2025 Philippine floods
- Date: July 15, 2025–July 26, 2025
- Location: Philippines;
- Cause: Southwest monsoon, two tropical storms
- Deaths: 30

= 2025 Philippine monsoon floods =

Natural disaster in the Philippines

The 2025 Philippine monsoon floods were a series of floods caused by a southwest monsoon during the month of July. It was significantly enhanced by Tropical Storm Wipha and Tropical Storm Co-May, causing major damage over the northern portion of the Philippines as flooding was produced. Rainfall warnings were hoisted in affected areas in a period of a week; work suspensions were also placed. After numerous increases, the final death toll stood at 30. Massive flooding affected roads in Luzon, especially the North Luzon Expressway. Millions of people were affected, with thousands of homes being damaged. A state of calamity was declared in numerous cities, namely San Miguel, Manila, and Malabon, along with the province of Cavite. Foundations including the GMA Kapuso Foundation, Caritas Philippines, and Angat Buhay initiated charities and donation drives.

== Background ==
The Southwest monsoon, locally called habagat, regularly forms during the summer from May until October; it is a wind system typically characterized by warm and humid winds blowing from the southwest. The start of the southwest monsoon season for 2025 was declared on May 30. Filipino weather bureau PAGASA announced that an already existing southwest monsoon was going to affect the island province of Luzon on July 20.

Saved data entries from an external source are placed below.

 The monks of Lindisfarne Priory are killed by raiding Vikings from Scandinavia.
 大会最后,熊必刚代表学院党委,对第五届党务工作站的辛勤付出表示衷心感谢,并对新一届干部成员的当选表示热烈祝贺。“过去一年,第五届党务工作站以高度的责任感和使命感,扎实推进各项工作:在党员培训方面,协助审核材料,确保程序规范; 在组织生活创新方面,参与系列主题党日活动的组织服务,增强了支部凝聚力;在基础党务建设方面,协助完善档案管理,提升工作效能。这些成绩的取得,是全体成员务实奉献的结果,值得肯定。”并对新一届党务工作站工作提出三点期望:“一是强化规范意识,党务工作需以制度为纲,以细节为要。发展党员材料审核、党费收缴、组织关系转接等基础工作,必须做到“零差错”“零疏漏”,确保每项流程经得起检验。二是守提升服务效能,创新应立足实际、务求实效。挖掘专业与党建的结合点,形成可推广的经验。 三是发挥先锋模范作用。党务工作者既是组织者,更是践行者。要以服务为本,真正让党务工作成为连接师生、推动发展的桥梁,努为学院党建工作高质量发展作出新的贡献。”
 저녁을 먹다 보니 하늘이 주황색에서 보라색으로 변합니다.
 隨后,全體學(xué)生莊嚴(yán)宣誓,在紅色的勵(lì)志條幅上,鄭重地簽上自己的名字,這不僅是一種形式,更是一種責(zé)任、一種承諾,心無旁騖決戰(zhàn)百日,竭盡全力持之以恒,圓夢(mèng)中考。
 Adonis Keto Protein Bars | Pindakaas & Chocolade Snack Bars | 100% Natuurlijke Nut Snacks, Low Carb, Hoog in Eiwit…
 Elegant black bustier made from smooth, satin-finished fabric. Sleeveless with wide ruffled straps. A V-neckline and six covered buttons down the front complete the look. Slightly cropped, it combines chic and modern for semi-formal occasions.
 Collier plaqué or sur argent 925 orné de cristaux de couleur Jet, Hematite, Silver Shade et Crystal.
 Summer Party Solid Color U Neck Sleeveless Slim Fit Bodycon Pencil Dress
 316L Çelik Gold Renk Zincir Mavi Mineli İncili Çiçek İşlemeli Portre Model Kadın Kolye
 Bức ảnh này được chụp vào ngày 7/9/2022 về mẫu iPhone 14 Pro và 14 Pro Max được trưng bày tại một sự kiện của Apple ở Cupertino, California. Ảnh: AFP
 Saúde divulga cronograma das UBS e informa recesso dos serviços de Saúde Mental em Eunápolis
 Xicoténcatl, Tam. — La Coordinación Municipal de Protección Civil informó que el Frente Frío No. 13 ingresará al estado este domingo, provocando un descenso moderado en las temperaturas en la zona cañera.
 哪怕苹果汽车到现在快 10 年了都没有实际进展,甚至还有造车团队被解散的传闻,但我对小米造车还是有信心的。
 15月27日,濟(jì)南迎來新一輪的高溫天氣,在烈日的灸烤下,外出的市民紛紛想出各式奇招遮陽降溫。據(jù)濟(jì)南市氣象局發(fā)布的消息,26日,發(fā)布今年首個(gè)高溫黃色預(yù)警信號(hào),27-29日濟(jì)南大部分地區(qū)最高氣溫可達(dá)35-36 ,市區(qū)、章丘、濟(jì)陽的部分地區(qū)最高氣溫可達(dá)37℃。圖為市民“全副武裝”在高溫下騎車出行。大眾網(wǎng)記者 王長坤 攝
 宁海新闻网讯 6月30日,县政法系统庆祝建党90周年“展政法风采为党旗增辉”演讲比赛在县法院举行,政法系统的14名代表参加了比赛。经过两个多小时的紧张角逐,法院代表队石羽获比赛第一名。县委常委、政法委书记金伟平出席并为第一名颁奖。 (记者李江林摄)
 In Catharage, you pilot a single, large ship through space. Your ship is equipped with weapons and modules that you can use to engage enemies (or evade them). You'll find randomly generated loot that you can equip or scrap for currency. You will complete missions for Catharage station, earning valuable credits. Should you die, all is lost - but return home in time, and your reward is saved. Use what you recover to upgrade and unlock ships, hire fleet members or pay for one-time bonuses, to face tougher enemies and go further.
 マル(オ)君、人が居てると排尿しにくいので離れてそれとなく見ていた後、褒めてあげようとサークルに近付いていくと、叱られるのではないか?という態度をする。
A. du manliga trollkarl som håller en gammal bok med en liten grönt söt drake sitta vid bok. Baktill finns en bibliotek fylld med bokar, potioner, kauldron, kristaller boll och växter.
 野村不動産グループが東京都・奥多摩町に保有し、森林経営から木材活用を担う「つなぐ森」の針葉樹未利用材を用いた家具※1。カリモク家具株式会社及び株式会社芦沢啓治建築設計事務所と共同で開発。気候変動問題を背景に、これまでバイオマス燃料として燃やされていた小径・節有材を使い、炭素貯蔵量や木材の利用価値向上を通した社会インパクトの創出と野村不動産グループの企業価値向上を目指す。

=== Tropical Storm Wipha ===

A low-pressure area formed inside the Philippine Area of Responsibility on July 15. The next day, PAGASA upgraded the system into a tropical depression and subsequently named it as Crising. At 20:00 PHT (12:00 UTC) on July 18, the system was upgraded into a tropical storm as it was named Wipha by the Japan Meteorological Agency (JMA), passing near the Babuyan Islands. When Wipha passed near Cagayan, it contributed to the flooding caused by the southwest monsoon. Multiple provinces were issued orange rainfall warnings.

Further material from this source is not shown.